Leave out all pictures. Extract exactly the lines from the one containing "Collar Diamante Azul" through the end of the data.

__Input data__
◆ ◆ ◆ ◆ ◆

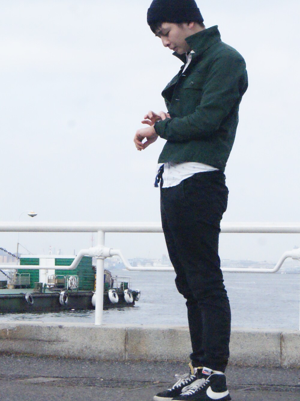 昨日は暖かかったので,近所の山下公園で寝転んでおりました。 撮ってもらったので,せっかくなので上げときます。山下公園shotはわし📷 だいぶ今日は春こえた暑さだったので,薄手のカーキ(グリーン)ジャケットに黒ジョガーパンツ,ナイキでスポーティー仕上げでした。
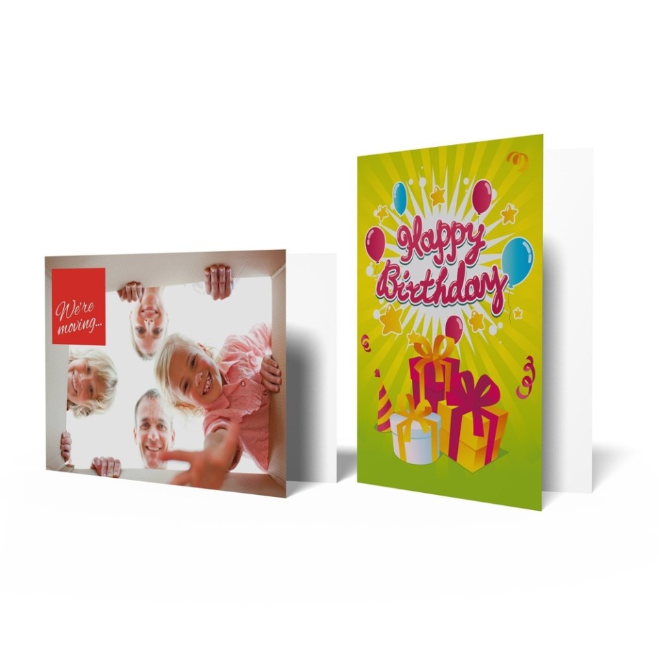 Your artwork will shine on our premium 360mic Greetings Card Stock, featuring a semi-gloss outer that enhances your design and a matt, writable interior that's perfect for personal notes. And if you want to go a step further, you can upgrade to a laminated outer cover for added luxury and protection.
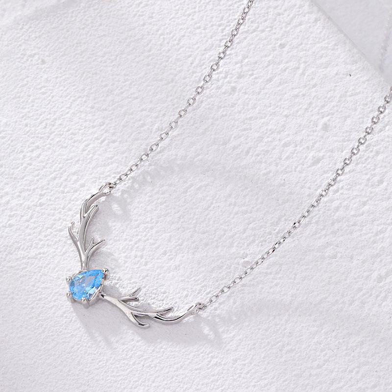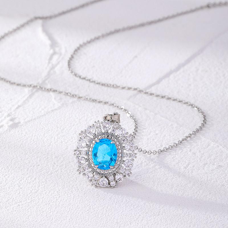 Collar Diamante Azul Corto Cadena Clavícula Mujer Cobre Chapado Todo el Camino Tú Collar Venta al por Mayor
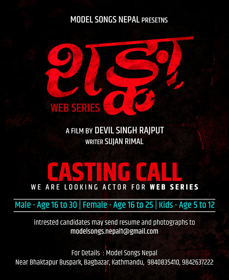 मोडल सङ्ग्स नेपालको प्रस्तुतीमा डेविल सिंह राजपुतको निर्माण तथा निर्देशन रहने वेबसिरिजमा सुजन रिमालको कथा रहेको छ। निर्माण टोलीेले अभिनय गर्न चाहने कलाकारको निम्ति आवेदन फाराम खुल्ला गरेको छ । १६ - ३० वर्ष भित्रको उमेर समुहका पुरुष मोडल, १६-२५ वर्षका महिला मोडल तथा ५-१२ वर्षका बाल कलाकारले बागबजारस्थित निर्माण संस्था मोडल सङ्ग्स नेपालको कार्यालयबाट फाराम बुझाउन सक्नेछन । साथै कार्यालयको इमेल ठेगाना modelsongs.nepal1@gmail.com मा समेत आफ्नो विवरण पठाउन सक्नेछन ।

◆ ◆ ◆ ◆ ◆

__Solution to this task__
 Collar Diamante Azul Corto Cadena Clavícula Mujer Cobre Chapado Todo el Camino Tú Collar Venta al por Mayor
 मोडल सङ्ग्स नेपालको प्रस्तुतीमा डेविल सिंह राजपुतको निर्माण तथा निर्देशन रहने वेबसिरिजमा सुजन रिमालको कथा रहेको छ। निर्माण टोलीेले अभिनय गर्न चाहने कलाकारको निम्ति आवेदन फाराम खुल्ला गरेको छ । १६ - ३० वर्ष भित्रको उमेर समुहका पुरुष मोडल, १६-२५ वर्षका महिला मोडल तथा ५-१२ वर्षका बाल कलाकारले बागबजारस्थित निर्माण संस्था मोडल सङ्ग्स नेपालको कार्यालयबाट फाराम बुझाउन सक्नेछन । साथै कार्यालयको इमेल ठेगाना modelsongs.nepal1@gmail.com मा समेत आफ्नो विवरण पठाउन सक्नेछन ।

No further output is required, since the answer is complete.